More than half of U.S. states and the District of Columbia have legalized medical marijuana in some form. Last week, the Alabama Senate Judiciary Committee passed SB165 on an 8 to 1 vote. If the measure becomes law, it will allow Alabama residents to obtain medical marijuana under rigorously imposed conditions.
Known as the Compassion Act, SB165 would authorize certain individuals to access medical marijuana only after a comprehensive evaluation process performed by a medical doctor who has received specific training.
“I care for people who are ill, and I try to reduce their suffering to the best of my ability, using the tools at my disposal that are the safest and most effective,” said Dr. Alan Shackleford, a Colorado physician who spoke before the Judiciary Committee. “Cannabis is one of those tools.”

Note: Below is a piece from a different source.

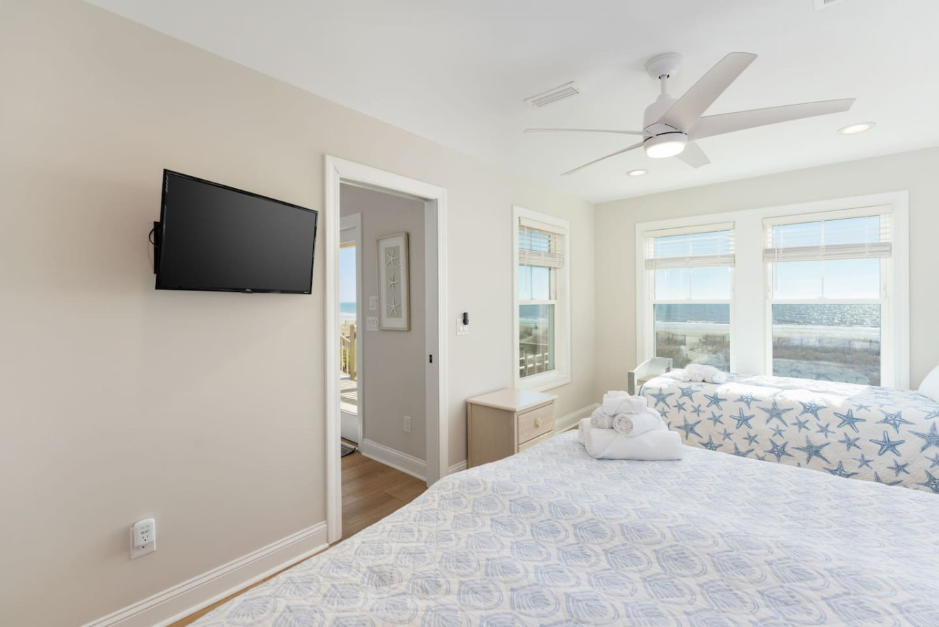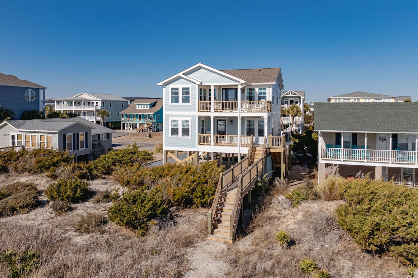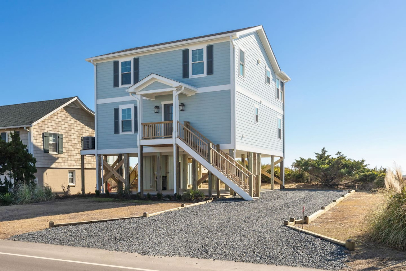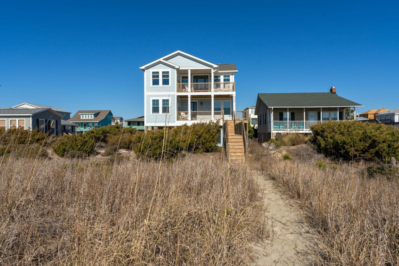/ nightWelcome to this newly renovated, oceanfront retreat with private beach access in Holden Beach! Enjoy breathtaking ocean views from every window in the bright and airy living, dining, and beautifully tiled kitchen. This 4BR/3BA home sleeps 10 with 6 beds, featuring 2 walk-in showers and a shower/tub combo. This home is the ultimate oasis, perfect for families or groups seeking serenity and the most beautiful sunrises and sunsets by the sea. You won't ever want to leave! KEY FEATURES: ➝ Fully Renovated Oceanfront Home w/Spacious Open Floor Plan ➝ 4 Bedrooms, 3 Full Bathrooms ➝ Full Kitchen w/Stainless Steel Appliances ➝ High-speed wifi + TV in Bedroom ➝ In-Unit Washer & Dryer ➝ Free, Designated Driveway and Parking ☆☆BEDROOMS☆☆ ➝ Bedroom 1: 1 King Bed + 1 Single Bed (1st Floor) ➝ Bedroom 2: 1 Queen Bed + 1 Single Bed (1st Floor) ➝ Bedroom 3: 1 Queen Bed (1st Floor) ➝ Bedroom 4: 1 Queen Bed (2nd Floor) ☆☆BATHROOMS☆☆ ➝ 1 Full Bathroom Ensuite- Walk-In Shower (1st Floor) ➝ 1 Full Bathroom- Shower/Tub Combo (1st Floor) ➝ 1 Full Bathroom Ensuite- Walk-In Shower (2nd Floor) ☆☆KITCHEN & LIVING ROOM☆☆ This kitchen is equipped with top-of-the-line appliances to inspire culinary creativity. Generous granite countertops and an expansive kitchen island with high-end, coastal bar seating provides ample room for meal preparation. Take your pick of coffee with a drip and Keurig coffee bar stocked for your morning delight to ensure your stay is similar to an at-home experience. The open floor plan creates a seamless flow from dining to living space and with streaming services provided from your favorite apps, cozy up after a sun-kissed day for a movie night. ☆☆OUTSIDE SPACE☆☆ The front balcony provides the perfect setting for you and your guest to enjoy beautiful ocean view sunrises with your morning coffee or even an afternoon glass of wine while chatting, taking in the breeze and sunsets, or people watching! The driveway and carport space offers storage space where you'll find 10 complimentary beach chairs, 2 rafts, 1 boogie board, and 1 sun cover for those long beach days! Next to the storage room, you'll find the outdoor shower perfect for rinsing off sandy feet and salty hair. HOME DISTANCE IN MILES FROM: Make sure to balance the chill time with a bit of thrill! Here are some activities, attractions & things to do in the area. ➝ Ocean Boulevard Coffee: 0.3 miles ➝ Castaway's Raw Bar & Grill: 0.2 miles ➝ Holden Beach Water Sports: 3 miles ➝ Treasure Island Miniature Golf: 0.8 miles ➝ Ingram Planetarium: 20 miles ➝ Museum of Coastal Carolina: 18 miles ➝ Myrtle Beach Int'l Airport (MYR): 55 miles ➝ Carolina Beach: 15 miles Guests will have access to the entire home, driveway, and carport during their stay and all amenities listed for use. Entry is via keypad using the unique door code provided in your check-in message sent 2 days prior to check-in. Send a message if you need anything during your stay! With quick response time, we are here to make your stay seamless and enjoyable! Upon your arrival, we offer essential items like hand soap, dish soap, toilet paper, paper towels, and trash bags to start you off. For longer stays, kindly prepare to replenish these supplies according to your personal requirements. We ask that you take care of the home as if it were your own. We hope to provide a great space for all guests to unwind and relax during their time here!

Shackleford, a Harvard trained physician, has treated more than 25,000 patients at his medical practice over the last ten years, he says a large number of his patients have benefited from medical cannabis.
While there are detractors, the Compassion Act is not a hastily composed bill but is, in fact, the result of a year-long study by the Alabama Medical Cannabis Study Commission that voted to approve the legislation by an overwhelming majority.
“It’s a strong showing that two-thirds [of the commission] thought the legislation was reasonable and well-thought-out,” said Sen. Tim Melson, R-Florence, after the commission vote.
Melson, who chaired the commission, is a medical researcher and is the lead sponsor of SB165.
Two-thirds of Americans say that the use of marijuana should be legal, according to a Pew Research Center survey. “The share of U.S. adults who oppose legalization has fallen from 52 percent in 2010 to 32 percent today” according to Pew. The study also shows that an overwhelming majority of U.S. adults (91 percent) say marijuana should be legal either for medical and recreational use (59 percent) or that it should be licensed just for medical use (32 percent).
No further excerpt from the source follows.